The intro of Paraathparaa sounds just exquisite, to me (the ending too) (is it on rag Charukhesi?) (after reading the booklet, it says rag Vaachaspathi; never heard this name before , the interval structure seems similar to Charukhesi)

I feel that this is really great music, not just musical playfulness with some fantasy to pretend to be original, like it happens so often, nowadays, because composers/ musicians don't let their music mature enough, but rush their production, possibly for commercial reasons etc...

I have been listening to a lot of music of many genres/ cultures in my life. This is definitely a CD that

  1. I would recommend very much to anyone that LISTENS to good music
  2. I would carry with me even on a desert island, (and I am not far from that since this island where I live is musically a kind of desert, for me at least...) your CD is definitely in the top 10 of my playlist!!

I am listening and enjoying a lot, the smart use of pizzicato, tremolo and the timbre of the cello which sounds sometime like a bassoon, or a trombone.
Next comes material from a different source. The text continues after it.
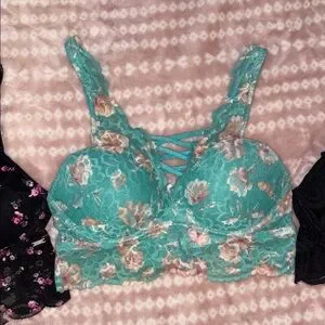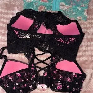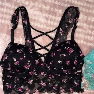 Victoria's Secret Floral and Lace Bra Set - Black, Teal, Black
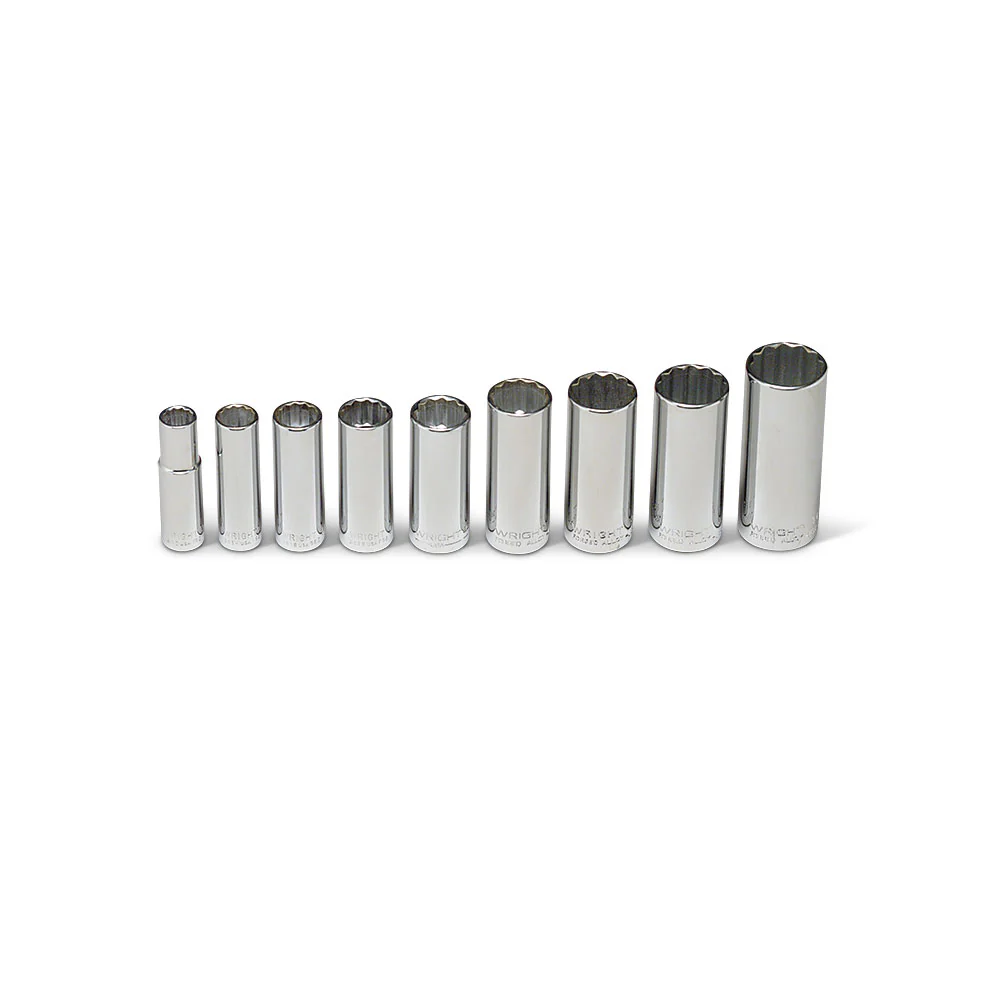 Wright Tool 300 3/8" Drive, 9 Piece 12 Point Deep Sockets Set, 3/8" - 7/8"

Another thing is that you are blessed to have such a good friend, Shekar, the cellist with his vast musical understanding and sensitivity, so both of you can exchange and share the sound which is in your head and your heart.

To condense my feelings about your "baby", I JUST LOVE IT. Your music touched me deeply and your use of bold harmonies is amazing. There is abundance of love in your music. And the world needs desperately this in our times.

Thanks again for sending me your beautiful CD and hope to hear from you soon.

Warm regards,


Two days later, Narasimhan received an addendum to the above letter:

I have been listening again to your CD and there is something that I forgot to write before; it's inspiring!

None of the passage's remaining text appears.